Let me end tonight on Bobby Kennedy, the hero we lost 45 years ago tonight.

Let me end tonight on Bobby Kennedy, the hero we lost 45 years ago tonight.

I heard the news early in the morning on the radio in a Montreal hotel. At first, like others, I thought it was a re-dramatization of Dallas five years earlier. I had tuned in to find out who had won the California Democratic primary between Gene McCarthy and Kennedy. Only after listening for several minutes did I realize this was all happening live. Bobby Kennedy had been shot!

People don't remember all this. He was shot by a Palestinian angry at Kennedy's pro-Israeli campaign appeal. Sirhan Sirhan was, if you think about it, an early case of Mideast terrorism directed at the United States. He shot Bobby Kennedy because of what the New York senator stood for in foreign policy.

To most Americans, Bobby stood for something altogether different. He was a tribune for the people who needed one: A victim himself because of his beloved brother's assassination, he came across to people of color and people who were denied a real chance in this country as a fellow soul, someone who knew what it meant to be hurt by the system.

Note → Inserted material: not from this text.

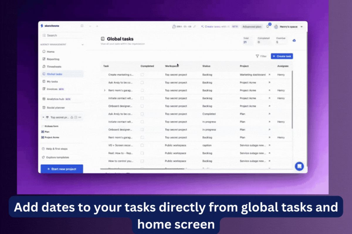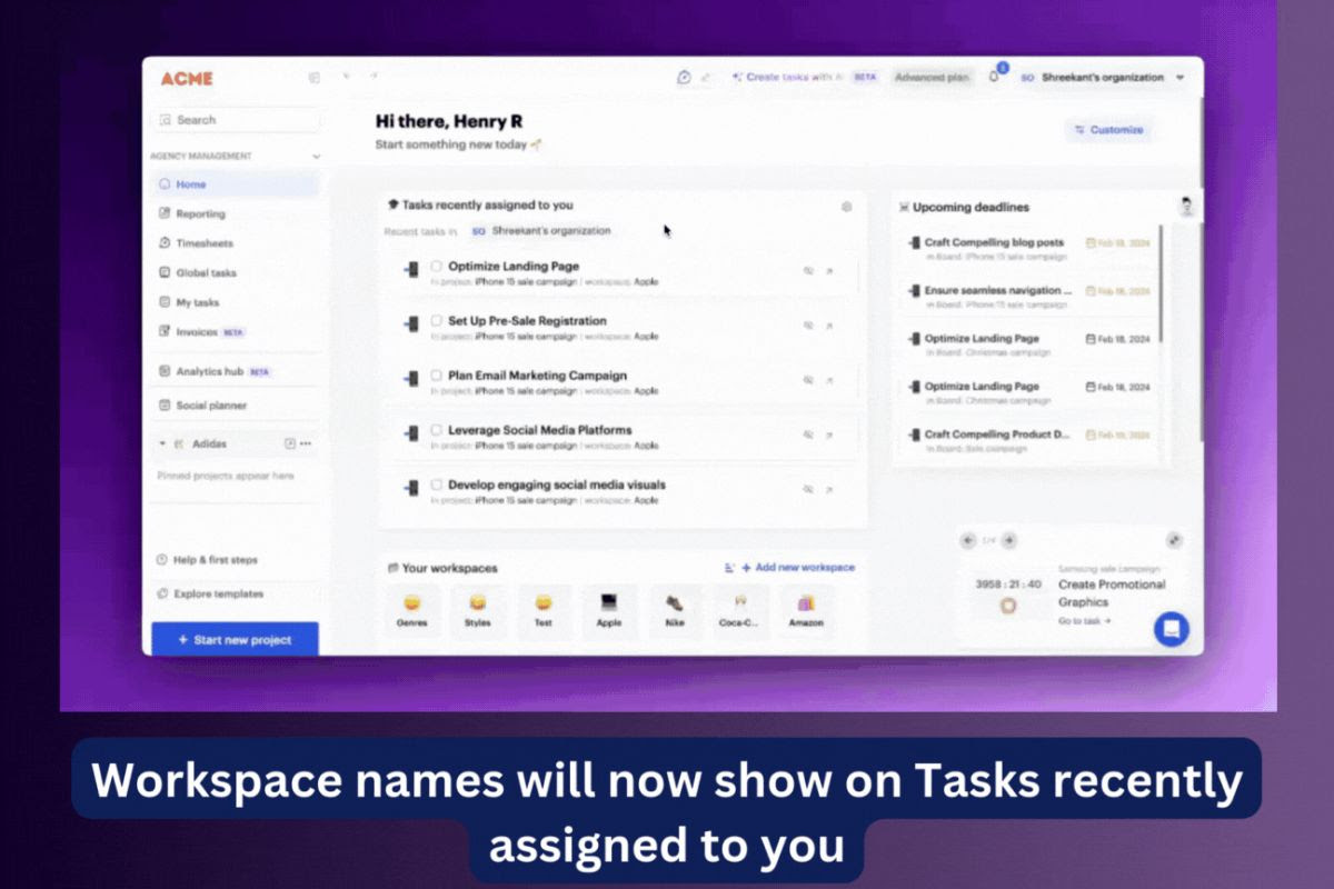 Tracking where your tasks belong just became simpler. You’ll now be able to see **which workspace and project** a task assigned to you is part of, directly on the home page, on the Tasks assigned to you widget. A huge thanks to **Indifluence**, a Sketchnote power user agency, for suggesting this awesome feature!

I think people loved this guy for something else. He was a liberal who didn't believe in the BS sometimes and too often associated with it. He believed in giving people who needed it a break and he saw the unfairness of life but he also believed in people playing by the rules. You broke the law and you were a criminal in Bobby's eyes, whether you were a big shot or not. He was a law-an-order liberal, a liberal who never stopped being an Irish cop.

That's how I like to remember him because that's the kind of person I want to see in politics, the kind of person I want very much to be myself.